その原動力となったのが前年夏の優勝投手・灰山元治(広島カープ創設時の二軍コーチ)である。灰山は初戦で坂出商(香川)を相手に選抜史上初となるノーヒットノーランを達成し、4‐0で快勝。この試合ではショートを守っていた鶴岡一人(法大‐南海。のちに南海ホークスでは監督も務め、リーグ優勝11回。プロ野球史上最多の通算1773勝を誇る名将である)もファインプレーを連発し、灰山の快挙を演出している。続く準々決勝でも灰山の快腕は冴え、強豪の松山商(愛媛)を1安打に抑えて3‐0で連続完封。この試合、灰山は内角をえぐる速球、そして外角ギリギリを突く速球とカーブを巧みに使い分けて松山商打線を翻弄。
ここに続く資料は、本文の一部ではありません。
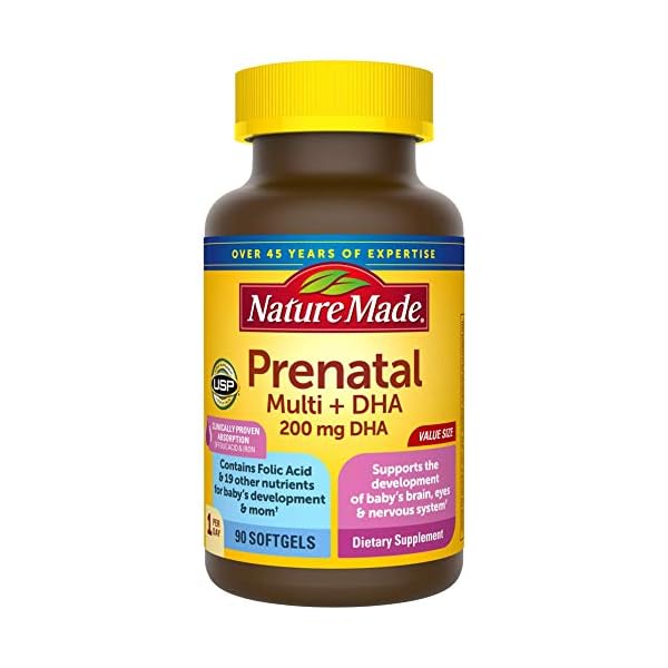 Nature Made Prenatal with Folic Acid + DHA, Prenatal Vitamin and Mineral Supplement for Daily Nutritional Support, 90…
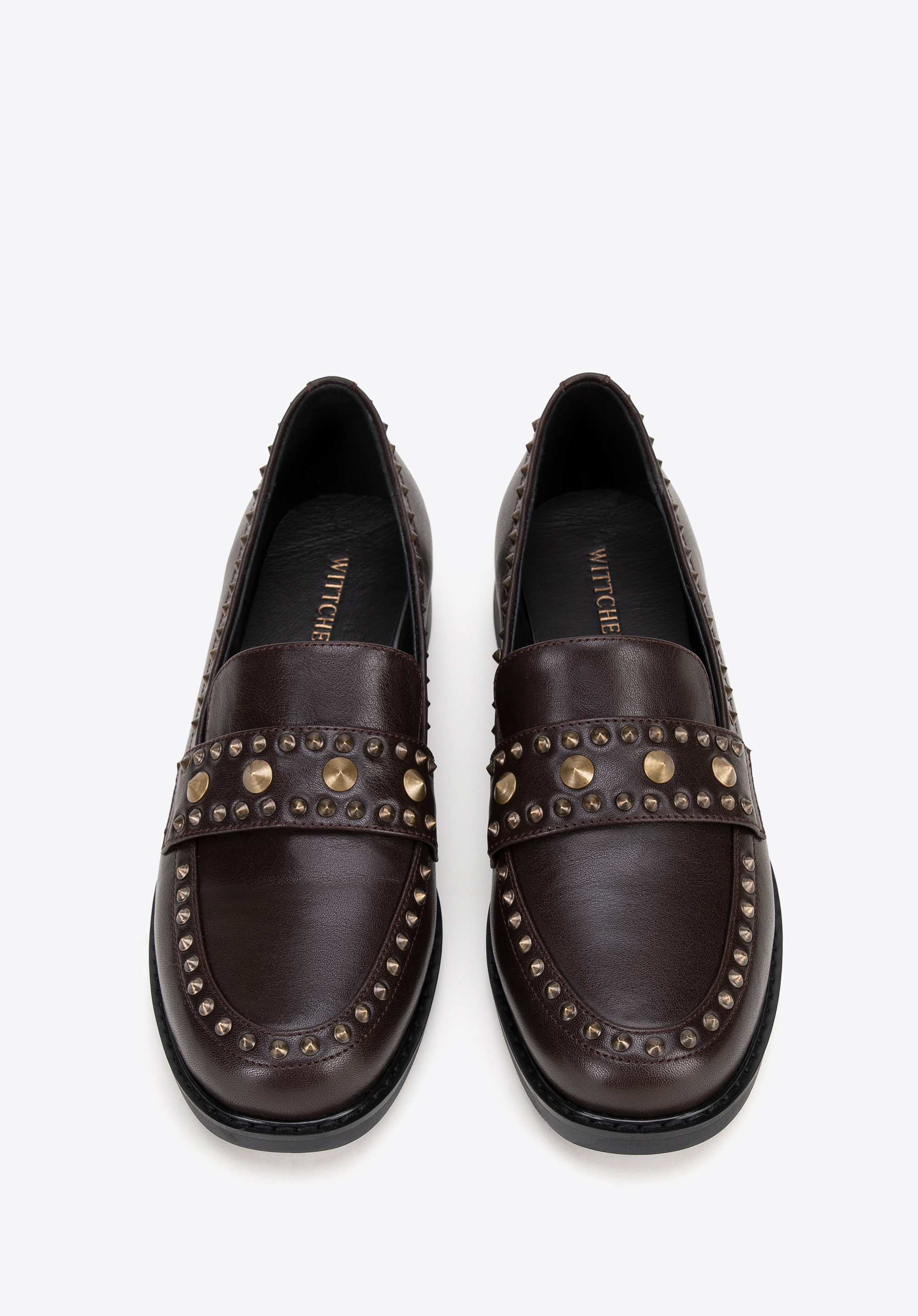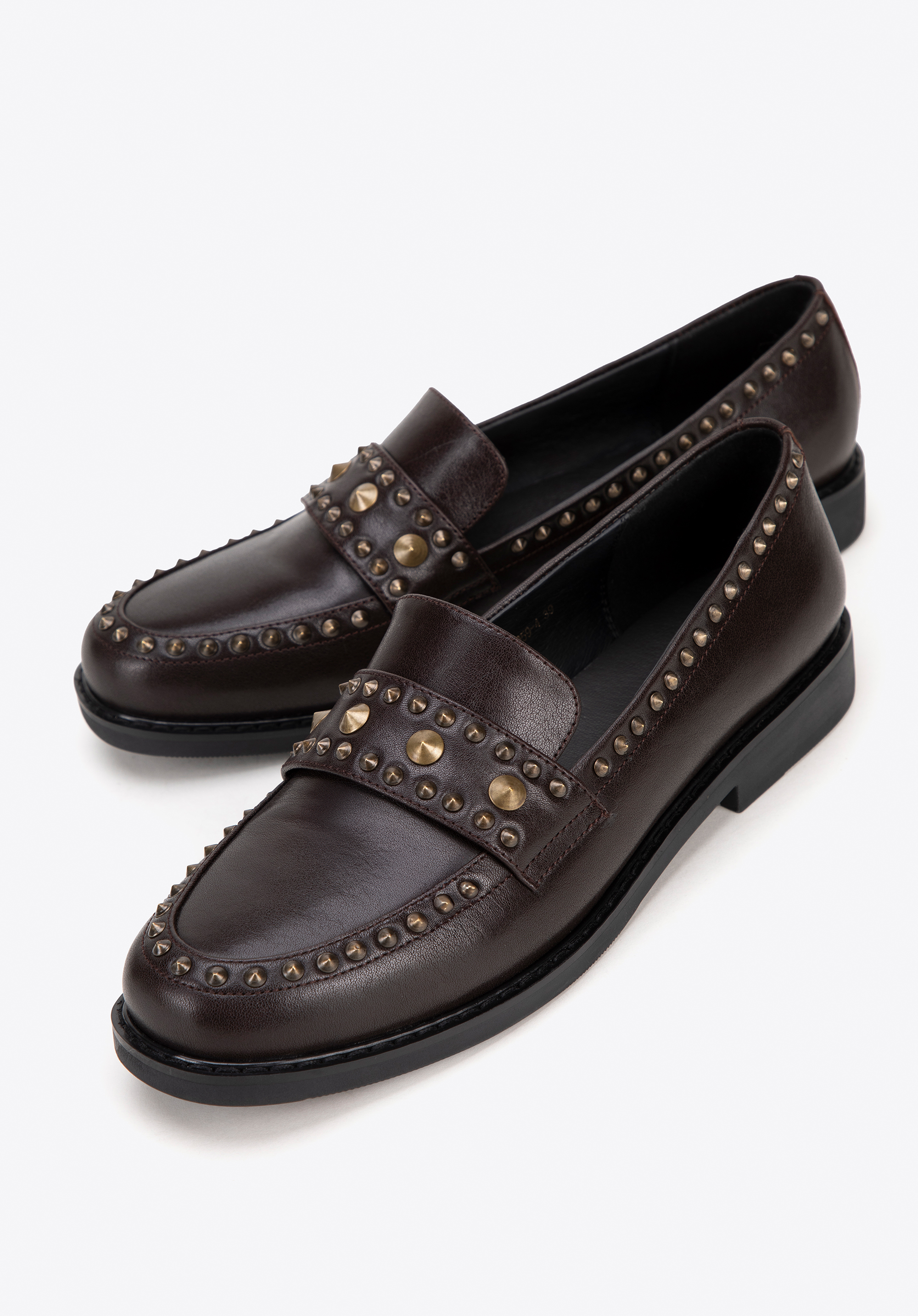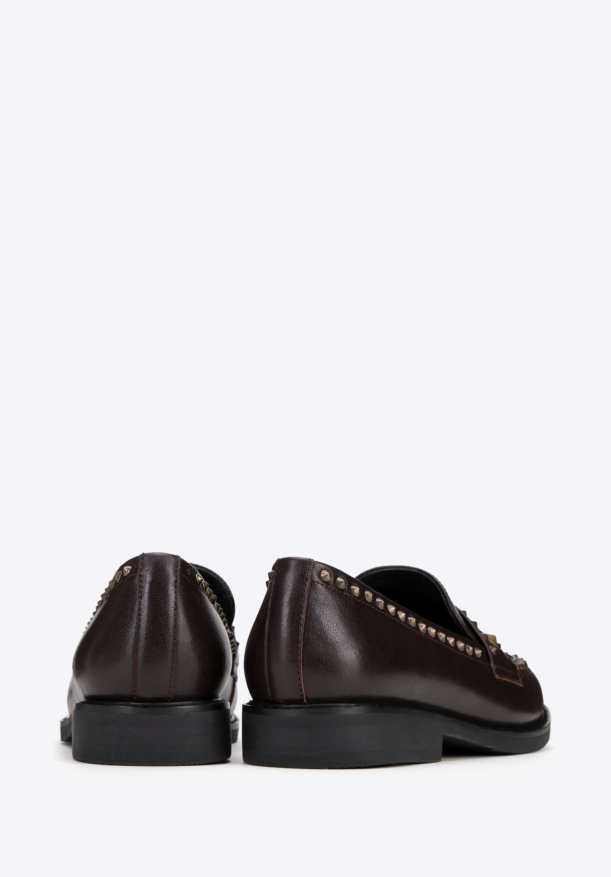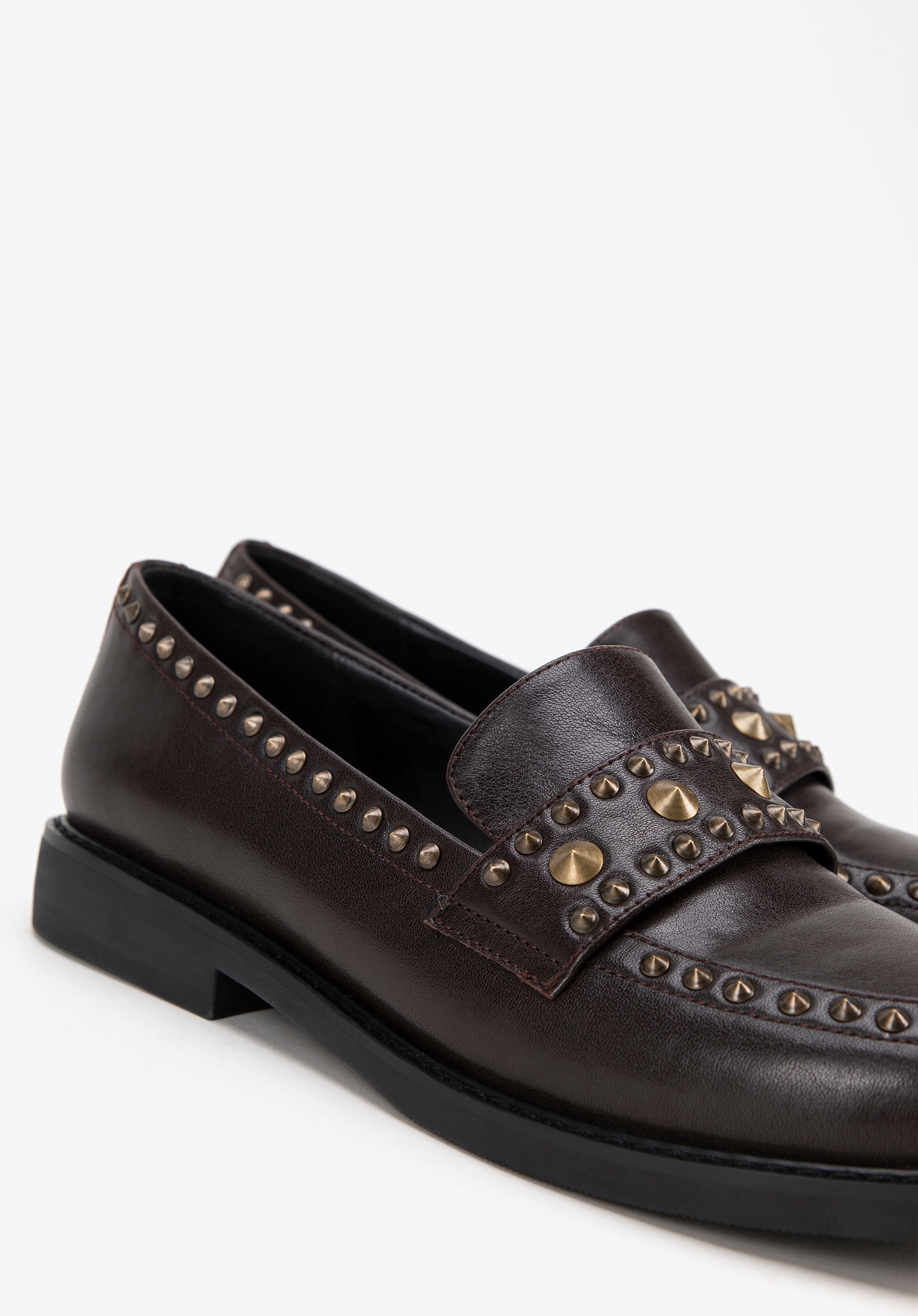 Loafers that blend a timeless design with a touch of rock style, making them unique and sophisticated. Made from high-quality natural leather, they offer everyday comfort while also being a refined wardrobe piece. The slip-on design ensures easy wear and all-day comfort. What makes this pair unique? Decorative metal studs add an edgy detail, giving the shoes a modern twist to their classic style.

8奪三振で優勝候補とされたチームのエースの貫禄を示している。
準決勝の八尾中(現・八尾=大阪)との試合でこそ、灰山は連戦の疲れから制球を乱してしまい10四球の大乱調。最終回に5失点を喫するなどして8失点するも、10‐8と辛うじて打ち勝ってついに決勝戦へと進出。こうして史上初の夏春連覇へと王手をかけたのである。
決勝戦の相手はのちにこの年の夏の大会から選手権3連覇を達成する中京商(現・中京大中京)。広島商は4回表に強攻策を実らせ、灰山みずからのタイムリー二塁打などで2点を先制。投げても前日の乱調から立ち直り、中京商打線をわずか4安打に抑えて完封。2‐0で春の選抜初優勝をものにすると同時に甲子園史上初の夏春連覇を達成したのだった。
なお、この時の選抜では優勝校への副賞としてアメリカ遠征の権利が与えられていた。これによって同年の夏の大会の広島商は主力不在のため、あっけなく予選で敗退。史上初の夏の選手権3連覇という偉業があっけなく散ってしまったのだった。